Already on GitHub? Sign in to your account

ContentHashable for Hash{Map, Set} is not stable #215

Open
guibou opened this issue Sep 1, 2023 · 4 comments
Open

ContentHashable for Hash{Map, Set} is not stable #215

guibou opened this issue Sep 1, 2023 · 4 comments

Comments

@guibou
Copy link
Contributor

guibou commented Sep 1, 2023

Describe the bug

  • use ContentHashable to hash the content of an HashMap (directly or indirectly)
  • update my haskell packages. A new version of hashable is released, which change the hash function. The order of HashMap is hence changed, and my nicely content hashed object suddently change their hash.

See the instance for HashMap in the code, it uses toList, the order is unspecified.

https://github.com/tweag/funflow/blob/master/cas/hashable/src/Data/CAS/ContentHashable.hs#L361-L369

To Reproduce

main = do
   print =<< contentHash $ HashMap.fromList [("hello", 10), ("goodbye", 20)]

Run this code with different version of hashable (You may have to try different keys in the map, or a bigger map, in order to trigger the effect).

Expected behavior

It is impossible to guarantee that the hash won't change, but either:

  • Do not expose an instance for a type when it is known that the hash will change systematically on each release of a library as fundamental as hashable
  • (or) sort the values, at the cost of an Ord, Eq constraints on the keys of the HashMap.
@guibou guibou changed the title ContentHashable for HashMap is not stable ContentHashable for Hash{Map, Set} is not stable Sep 1, 2023
guibou added a commit to guibou/funflow that referenced this issue Sep 1, 2023
Close tweag#215

`unordered-containers` structures, such as `HashMap` and `HashSet` uses
`Hashable` `hash` function to maintain their internal structure. Hence
the order of the items (when converting using `toList`, or `elems`, or
just `traverse` or `fold`) depends on the version of `hashable` used.
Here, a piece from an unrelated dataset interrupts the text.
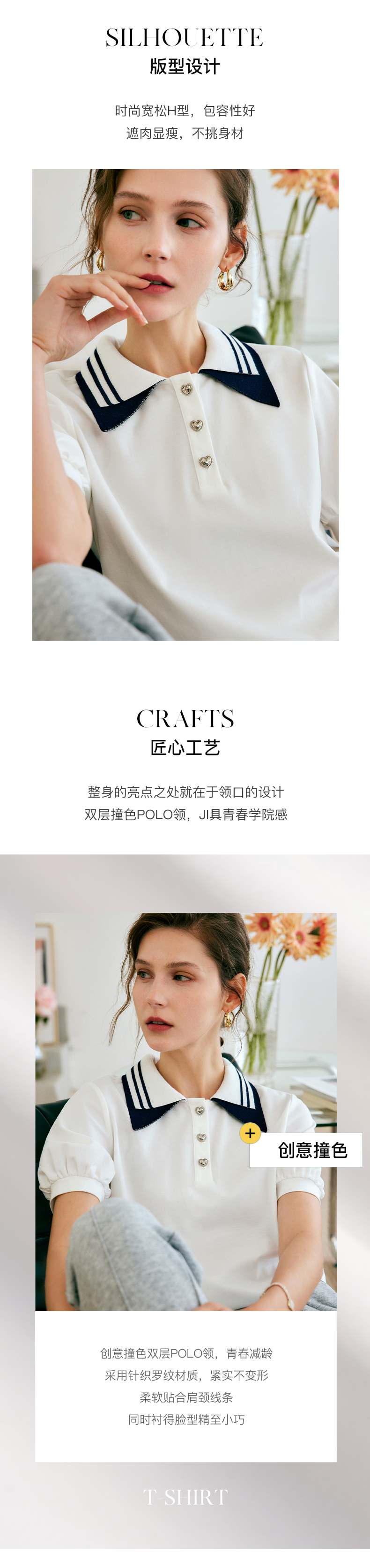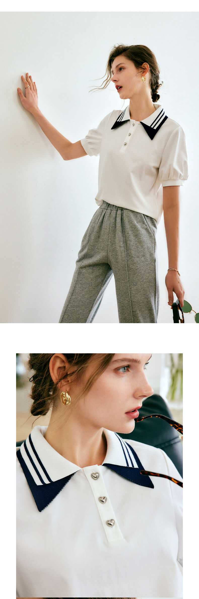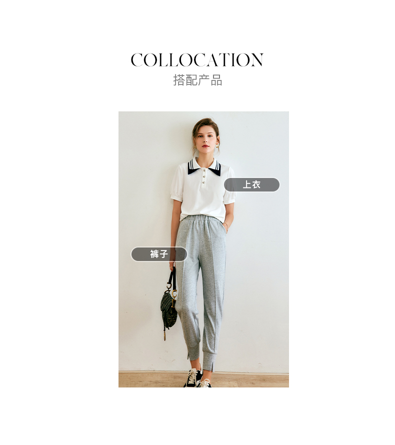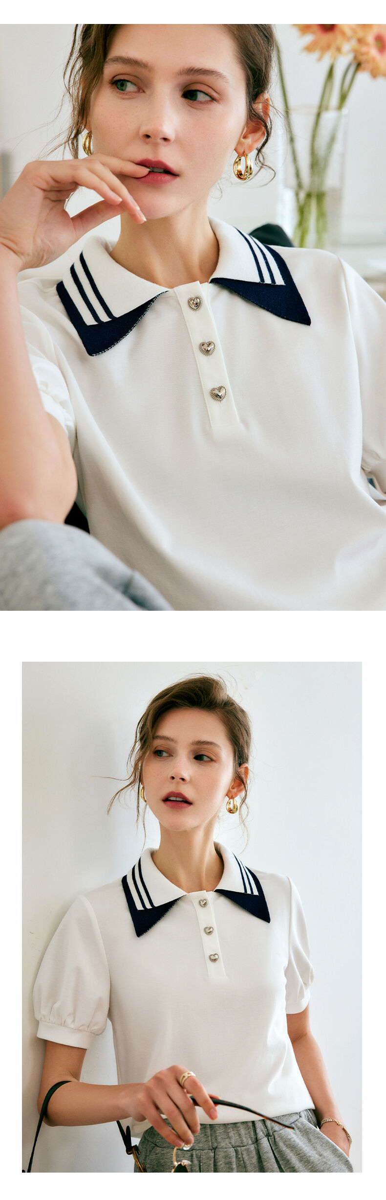欧芮儿OLrain法式POLO领t恤女夏2022年新款泡泡袖学院风针织上衣
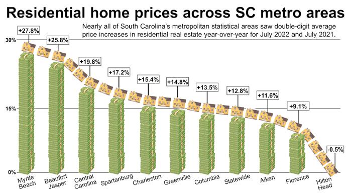Market reports from multiple listing services and Realtor associations for July show double-digit percentage increases from a year ago in nine of 11 metro areas of the state. Only Hilton Head, one of the highest-priced markets for residential property, saw a 0.50% dip in home prices, data from the Hilton Head Area Association of Realtors indicates.

This results on a change of hash of theses structure when `hashable`
library is updated.

It is not possible to ensure that hash will never change for any type,
because it relies on other instances, `Ord/Eq` for `containers` `Map`
and `Set`, or even the implementation of `ContentHashable` itself.
However `hashable` is known for its frequent changes when on the other
hand, `Ord/Eq` instances are most of the time generated by `deriving`
and are hence perfectly reproducible.

This commit removes the dependency on the implicit order from `hashable`
at the cost of an introduce `Ord` constraint on the keys of the
`Hash{Map,Set}`. This is a tradeoff:

- The user can still use `Hash{Map,Set}` based structure in their type
  for whatever reason they want (usually performance).
- They will need to provide an `Ord` instance for `ContentHashable`
- If an `Ord` instance already exists, this change will just bring
  stability. If the instance does not exist, user will now be aware of
  the problem.

Note: this invalidate previous hash computed on `Hash{Map, Set}`.
guibou added a commit to guibou/funflow that referenced this issue Sep 1, 2023
Close tweag#215

`unordered-containers` structures, such as `HashMap` and `HashSet` uses
`Hashable` `hash` function to maintain their internal structure. Hence
the order of the items (when converting using `toList`, or `elems`, or
just `traverse` or `fold`) depends on the version of `hashable` used.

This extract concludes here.